▶ REQUIRED WORK
Could you repeat, word for word, the line with "これは、物体の摩擦面に働く摩" and every line after it in the records below, leaving out any pictures?

▶ RAW DATA
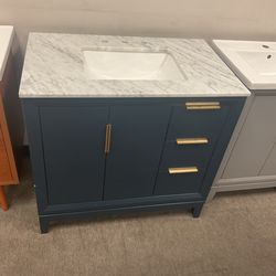 36” Blue Solid Wood Bathroom Vanity with Marble Top (V1228)$600Ontario, CA
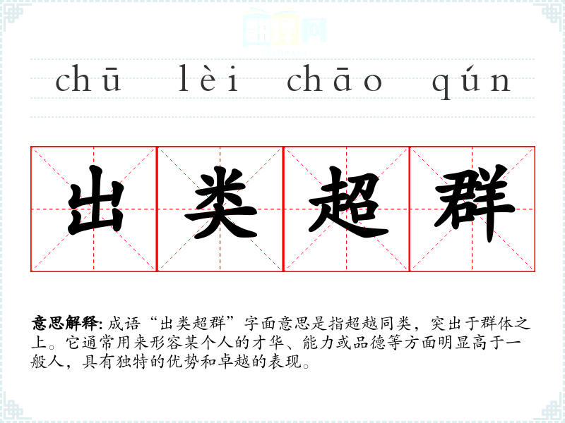 成语“出类超群”字面意思是指超越同类,突出于群体之上。它通常用来形容某个人的才华、能力或品德等方面明显高于一般人,具有独特的优势和卓越的表现。
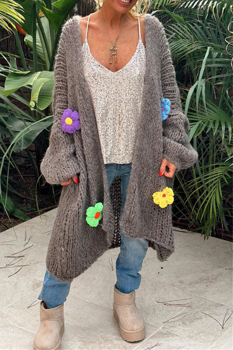 Casual Elegant Solid Appliques Weave Cardigan Collar Outerwear
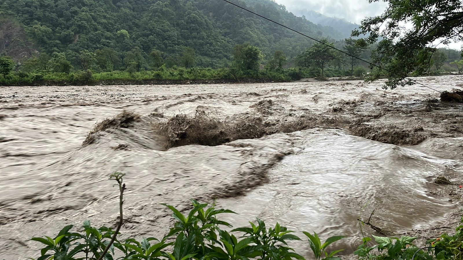 देहरादून के मालदेवता क्षेत्र में सौंग नदी का रौद्र रूप
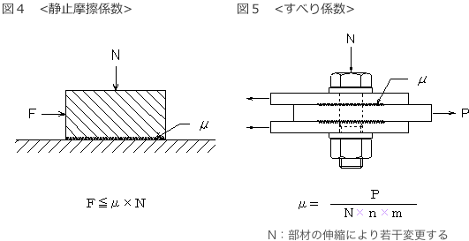 これは、物体の摩擦面に働く摩擦力と垂直抗力の比で表される静止摩擦係数と意味合い的には同じですが、摩擦接合では摩擦係数を算定する場合、材間圧縮力としてのボルト張力(軸力)はすべり発生時のボルト張力(軸力)ではなく、ボルトに与える初期ボルト張力(軸力)を用いて算定するため、厳密な摩擦係数ではなく、見かけ上の摩擦係数であり、これをすべり係数と呼んで静止摩擦係数と区別しています。
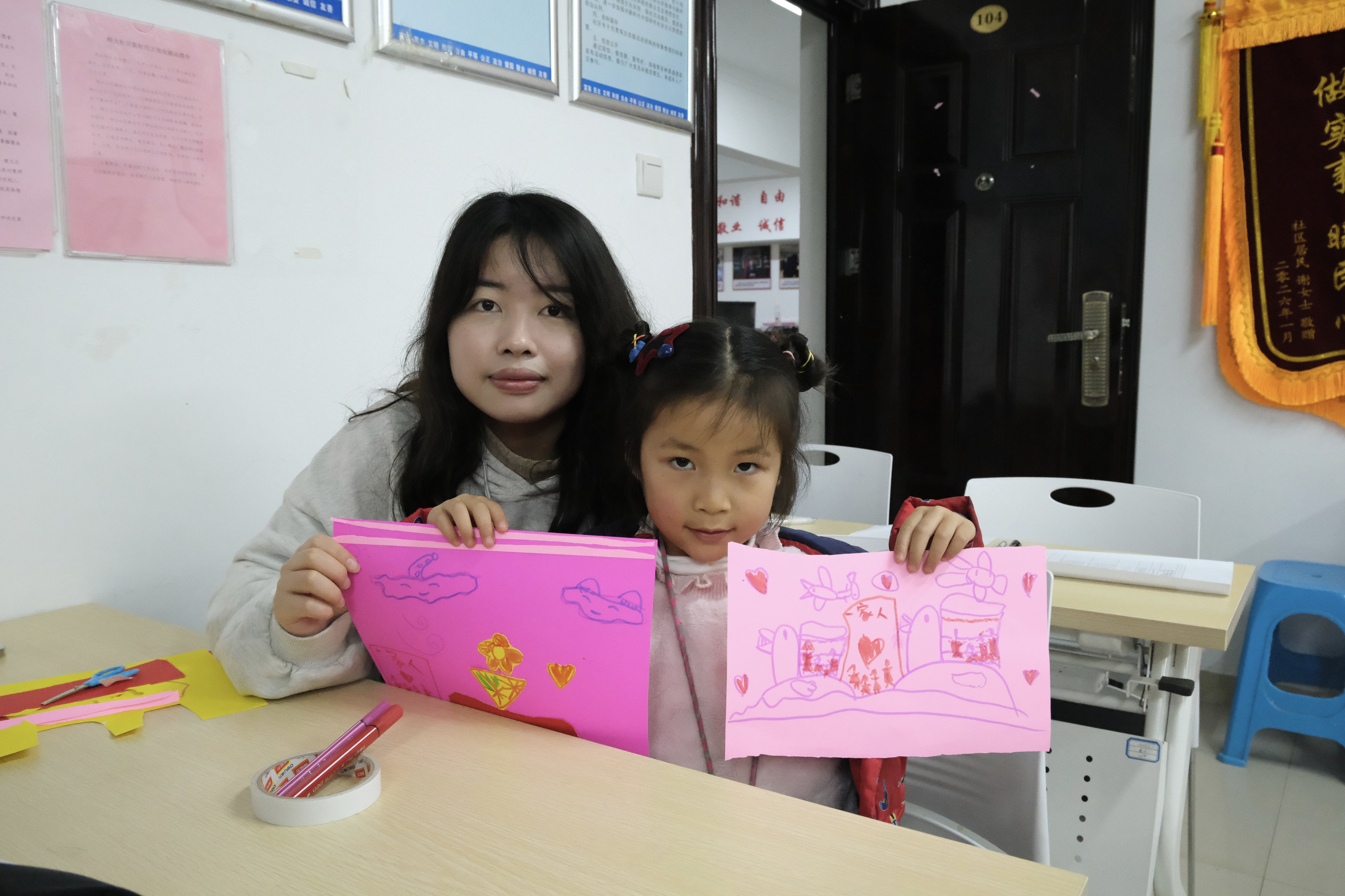 小朋友在志愿者的帮助下完成手工制作
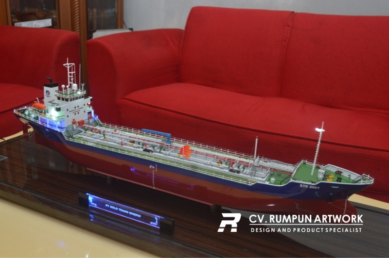 - Miniatur Kapal Tanker STE 2001 ini berbahan dasar fiber, acrylic, resin, artificial part, kayu sebagai tatakan serta dilengkapi pencahayaan dengan lampu led ( optional ), kemudian kami bingkai dengan etalase kaca ( optional )
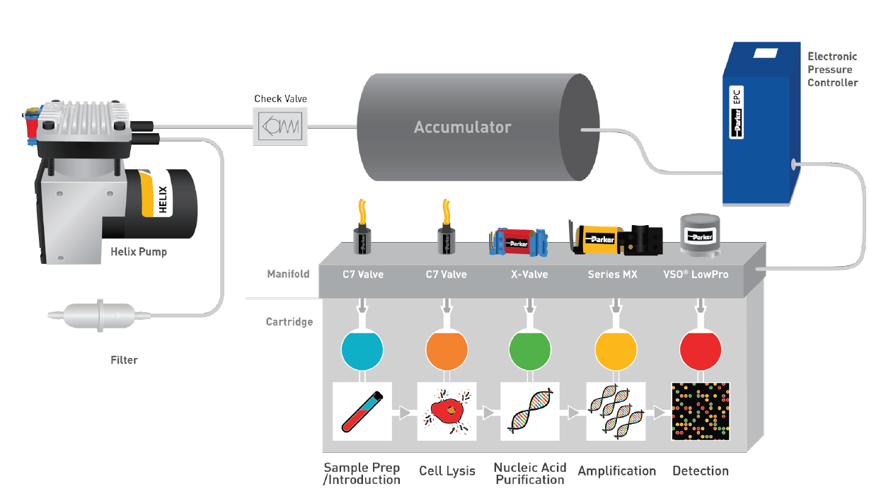 派克旗下的隔膜泵和搖擺式活塞泵可為 POCT 設(shè)備提供所需的氣體壓力,通過(guò)壓力驅(qū)動(dòng)液體流量確??煽啃院鸵恢碌牧黧w控制,大幅減少設(shè)備意外停機(jī)時(shí)間,降低客戶整體成本和運(yùn)營(yíng)成本。

▶ THE COMPLETED TASK
 これは、物体の摩擦面に働く摩擦力と垂直抗力の比で表される静止摩擦係数と意味合い的には同じですが、摩擦接合では摩擦係数を算定する場合、材間圧縮力としてのボルト張力(軸力)はすべり発生時のボルト張力(軸力)ではなく、ボルトに与える初期ボルト張力(軸力)を用いて算定するため、厳密な摩擦係数ではなく、見かけ上の摩擦係数であり、これをすべり係数と呼んで静止摩擦係数と区別しています。
 小朋友在志愿者的帮助下完成手工制作
 - Miniatur Kapal Tanker STE 2001 ini berbahan dasar fiber, acrylic, resin, artificial part, kayu sebagai tatakan serta dilengkapi pencahayaan dengan lampu led ( optional ), kemudian kami bingkai dengan etalase kaca ( optional )
 派克旗下的隔膜泵和搖擺式活塞泵可為 POCT 設(shè)備提供所需的氣體壓力,通過(guò)壓力驅(qū)動(dòng)液體流量確??煽啃院鸵恢碌牧黧w控制,大幅減少設(shè)備意外停機(jī)時(shí)間,降低客戶整體成本和運(yùn)營(yíng)成本。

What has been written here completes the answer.